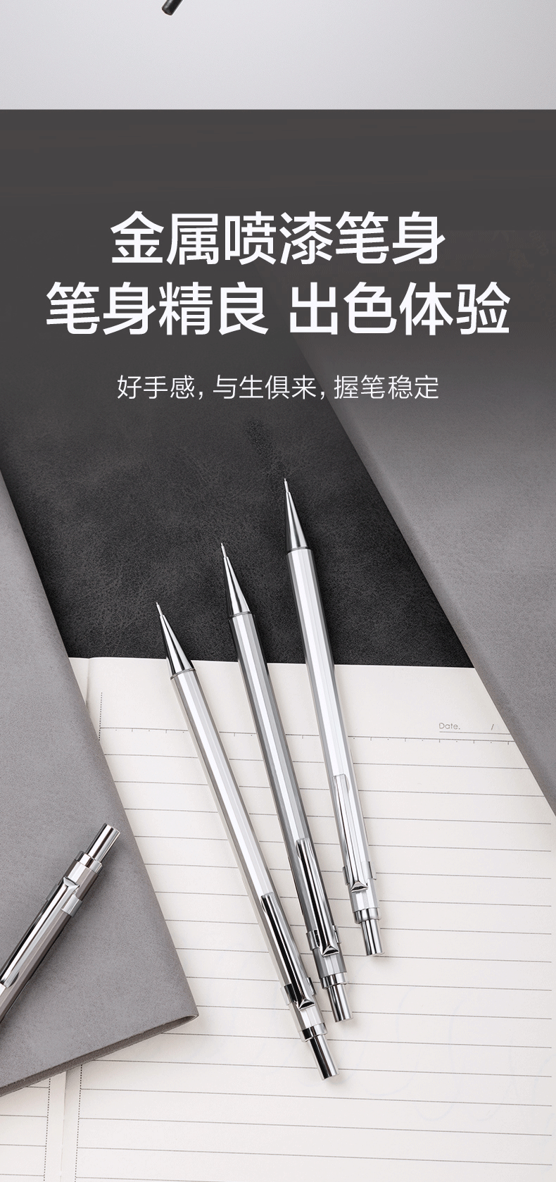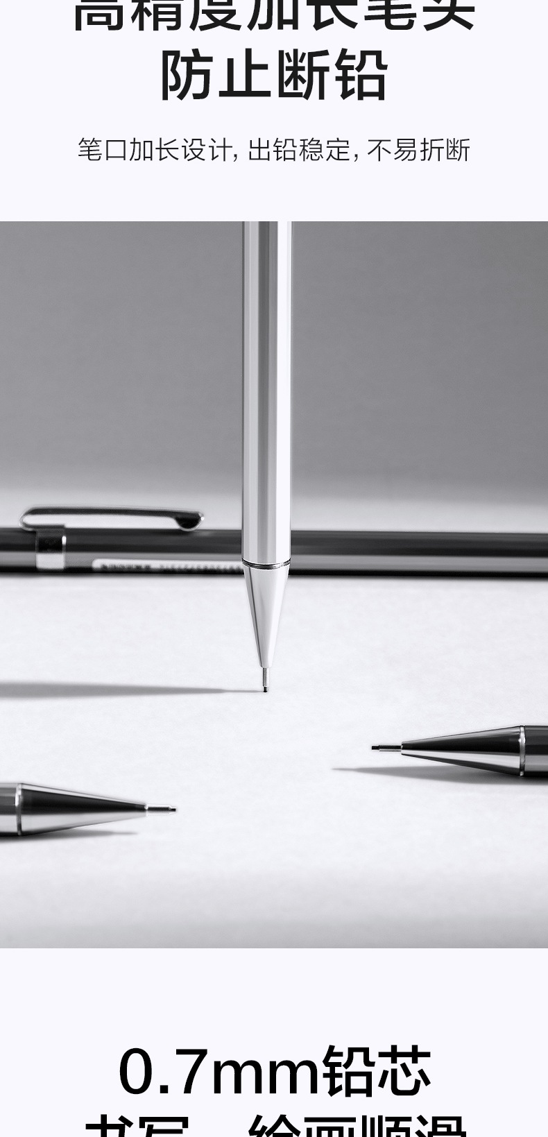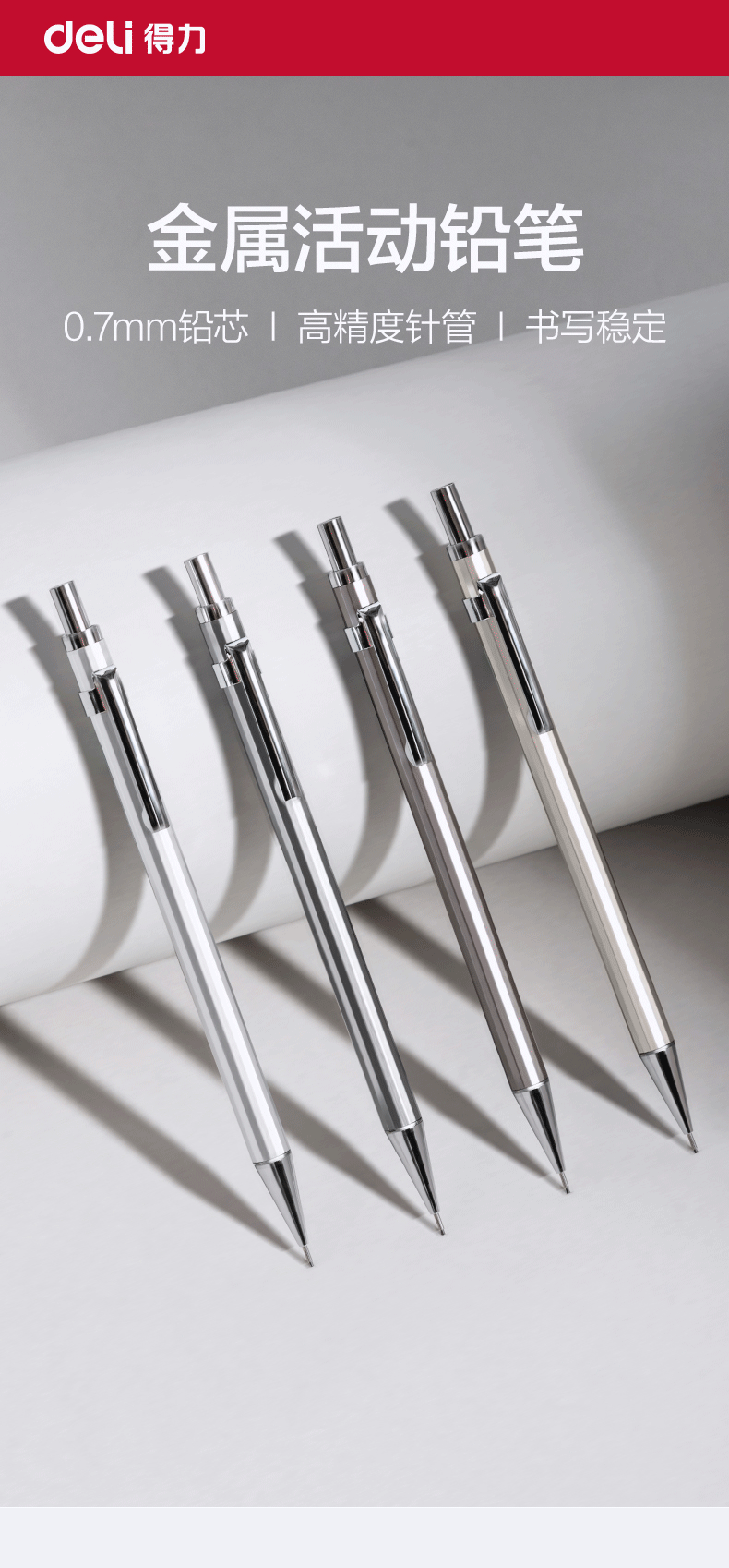 델리 S001/S002 금속 자동 연필 0.5/0.7mm 저중심 펜촉 학생용 푸시형 연필
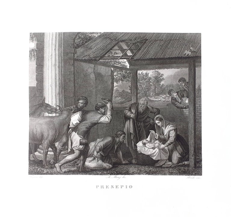 Acquaforte originale '800 " Presepio " - Tiziano dipinse - Bridi incise
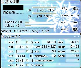 とりあえずDEXはこのくらいで、あとはINTにつぎ込んで目標INT値まで行ってからDEXに振り始めようかなーとか考えてます。
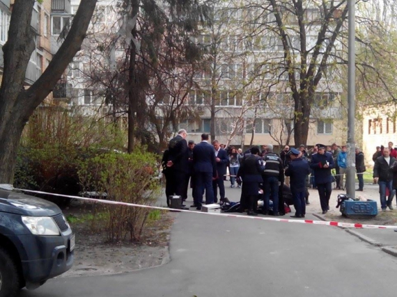 Над телом погибшего журналиста Олеся Бузины сейчас работают эксперты. Место гибели оградили красными лентами, но это не останавливает журналистов и зевак.

### Problem to solve
Transcribe, word for word, only the material from its opening line through the line containing "とりあえずDEXはこのくらい", both ends included, and omit the pictures.

### Expected answer
 델리 S001/S002 금속 자동 연필 0.5/0.7mm 저중심 펜촉 학생용 푸시형 연필
 Acquaforte originale '800 " Presepio " - Tiziano dipinse - Bridi incise
 とりあえずDEXはこのくらいで、あとはINTにつぎ込んで目標INT値まで行ってからDEXに振り始めようかなーとか考えてます。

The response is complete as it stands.